Mr Speaker, in addition to the explanatory notes in the bill, parliamentary counsel are available to provide any further explanation or information that members would like about any of the amendments made by the bill. The bill, while minor and technical in nature, is another important building block in the development of a modern and accessible ACT statute book that is second to none in Australia. Despite the nature of the amendments, their cumulative number has created a substantially sized bill on this occasion. Mr Speaker, I commend the bill to the Assembly.

Debate (on motion by Mr Stefaniak) adjourned to the next sitting.

Administration and Procedure—Standing Committee


Debate resumed from 18 October 2005, on motion by Mr Smyth:

That Mrs Dunne be discharged from the Standing Committee on Administration and Procedure and that Mr Seselja be appointed in Mrs Dunne’s place.
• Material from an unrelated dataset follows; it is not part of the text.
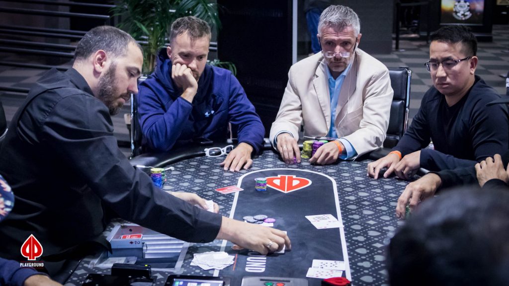 Day 1C of the WSOP-C Playground Main Event brought out a huge field of players that made a total of 777 entries in this flight. Before play concluded, 164 players fired a second bullet at Day 1C, which helped put nearly 39 million in chips in play. There were nearly 300 players ready and waiting for the start of play this afternoon, and they were joined by a steady stream of new players and re-entries that continued all the way to the final level of play. One popular option was to take a shortcut through the satellite route by taking shots at the series of $110 flips that put many players into the Main Event this afternoon.

MR HARGREAVES (Brindabella—Minister for Disability, Housing and Community Services, Minister for Urban Services and Minister for Police and Emergency Services) (10.56): Mr Speaker, I was concerned that a precedent was being set and I was a bit disturbed about it. I understand that discussions have since occurred and we will be hearing more about that later.

I rise to speak from my experience of having spent three years in this place as a government whip. I think I should address a number of issues. The first thing I would like to say is that I recognise and respect the right of the leader of the Liberal Party to distribute portfolios and responsibilities as he or she deems fit, but I wonder whether this right and authority should be exercised if exercising it appears to be inconsistent with a determination by the remuneration tribunal. The mere provision to this place in the first place of a motion and an appointment would seem to indicate either a lack of understanding of the remuneration tribunal’s determination—a disregard for that determination—or a disregard for precedent and convention in this place.